A multivariate analysis of galaxies in the Hubble Deep Field-North

We use the ultraviolet and optical WFPC2 and near-infrared NICMOS images of the Hubble Deep Field-North to measure and statistically compare an array of parameters for over 250 of the galaxies it contains. These parameters include redshift, rest-frame visible asymmetry and concentration, bolometric luminosity, and extinction-corrected star formation rate. We find only one strong correlation, between bolometric luminosity and star formation rate, from which early-type galaxies noticeably deviate. When our asymmetry measurements are combined with those of a sample of nearby galaxies covering the full Hubble sequence, we find a weak correlation between redshift and rest-frame visible asymmetry, consistent with the qualitative evidence of galaxy morphological evolution from these and other deep Hubble Space Telescope images. The mean values of these asymmetry measurements show a monotonic increase with redshift interval over the range 0 less than or similar to z less than or similar to 2, increasing by a factor of approximately 3. If this trend is real, it suggests that galaxy morphological evolution within the last similar to 70% of the Hubble time is a gradual process that is continuing through the present cosmological epoch.

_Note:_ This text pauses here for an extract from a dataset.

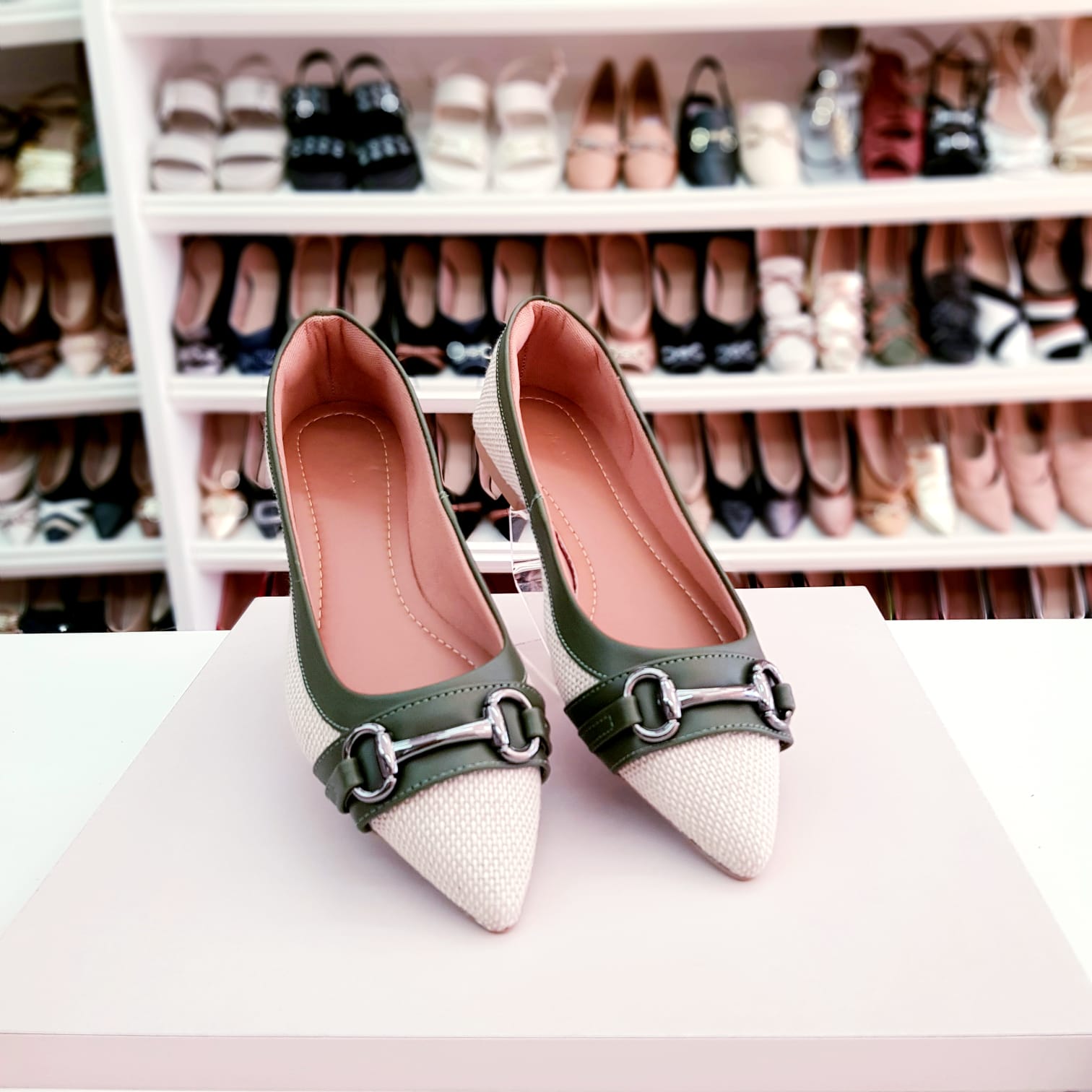 Sapatilha bico fino Juta com detalhe verde
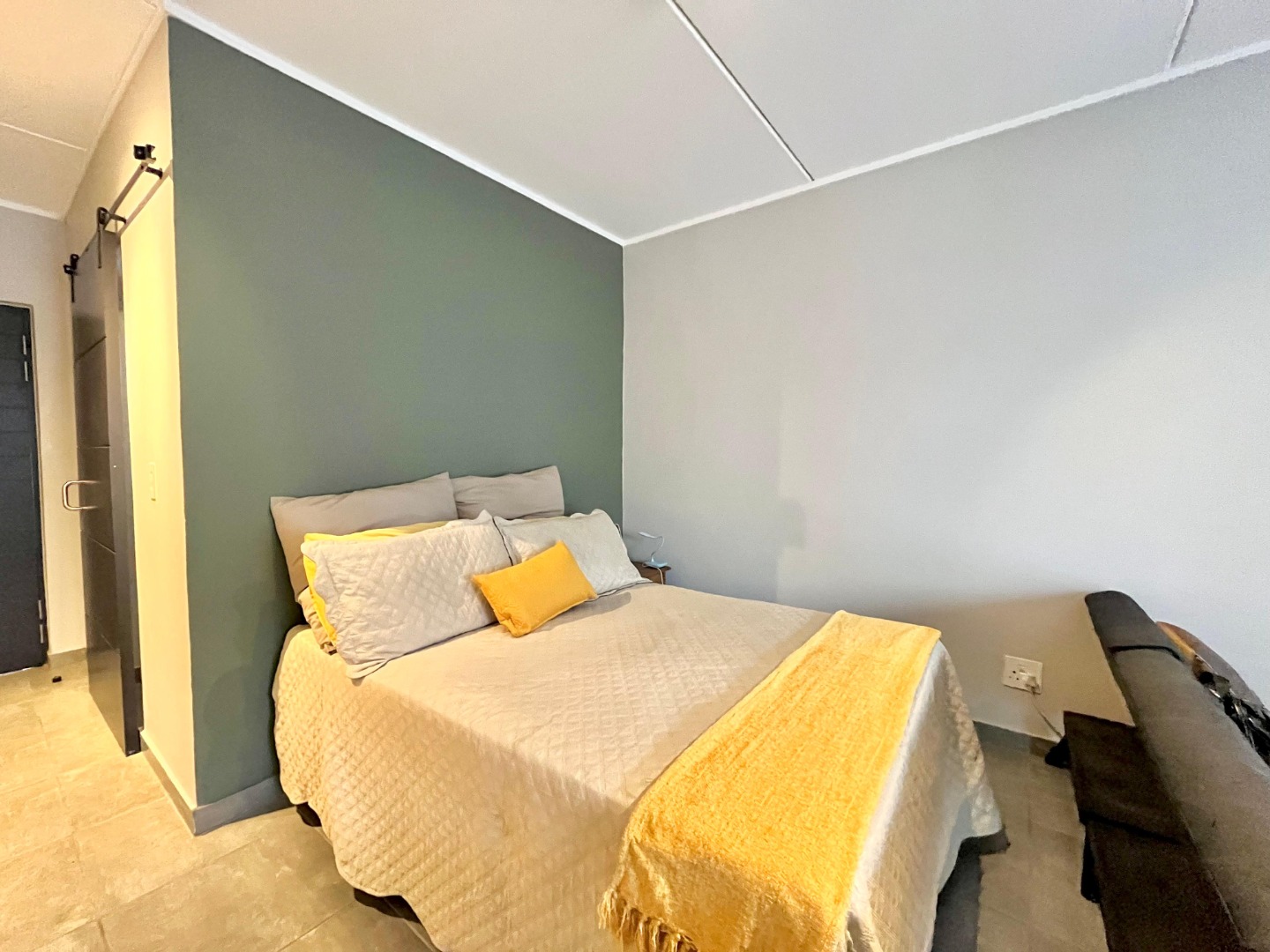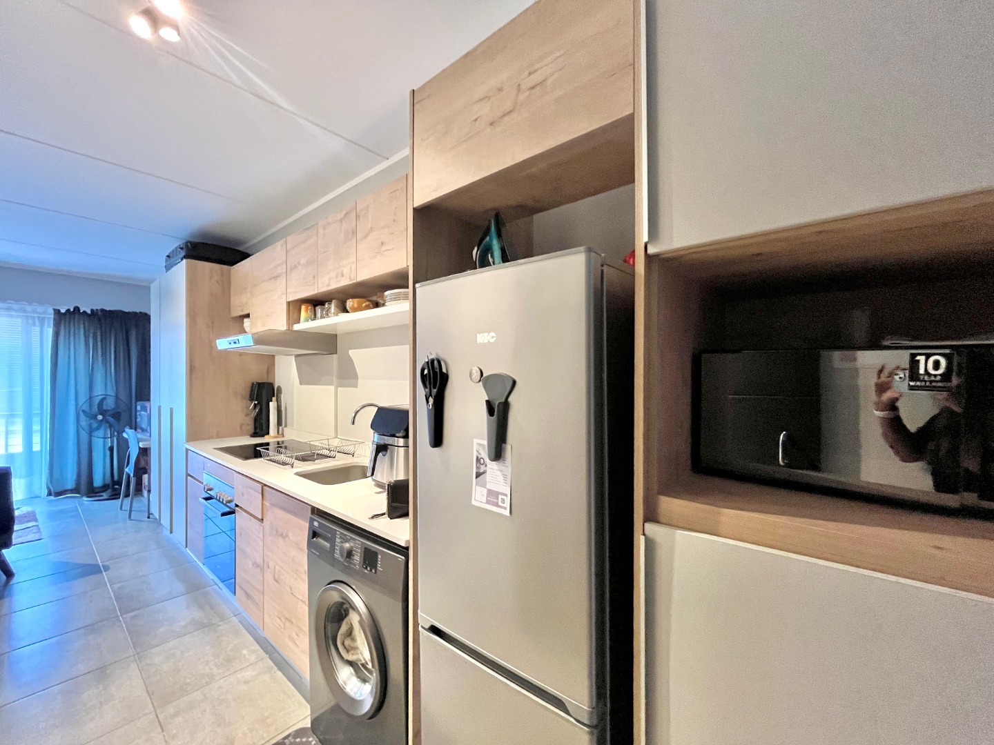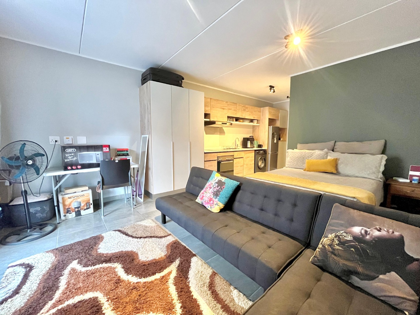 Discover modern living in this compact 36sqm studio apartment located in Menlo Park. This open-plan unit features a contemporary kitchen equipped with an integrated hob, oven, and washing machine, complemented by stylish two-tone cabinetry. The living and sleeping area boasts an accent wall and tiled flooring throughout. Enjoy a sleek bathroom with a walk-in shower and a private balcony for outdoor relaxation. Ideal for a single professional or student, this lock-up-and-go unit offers convenience. Situated within a secure gated community with an access gate and security post, it includes one parking bay and access to a communal braai area. Fibre-ready for seamless connectivity.

There is evidence that the dominant source of this evolution is the "minor" mergers of disk galaxies with smaller companions, which could also transform late-type spiral galaxies to early-type spiral galaxies. Interestingly, in contrast to local galaxies we find no correlations between galaxy star formation rate and either UV or visible asymmetry. This could arise if the star formation of high-redshift galaxies proceeds in episodes that are short (similar to 100 Myr) relative to the timescales over which galaxy mergers produce strong asymmetries (similar to 500 Myr), a result suggested by the high star formation rates of Lyman break galaxies.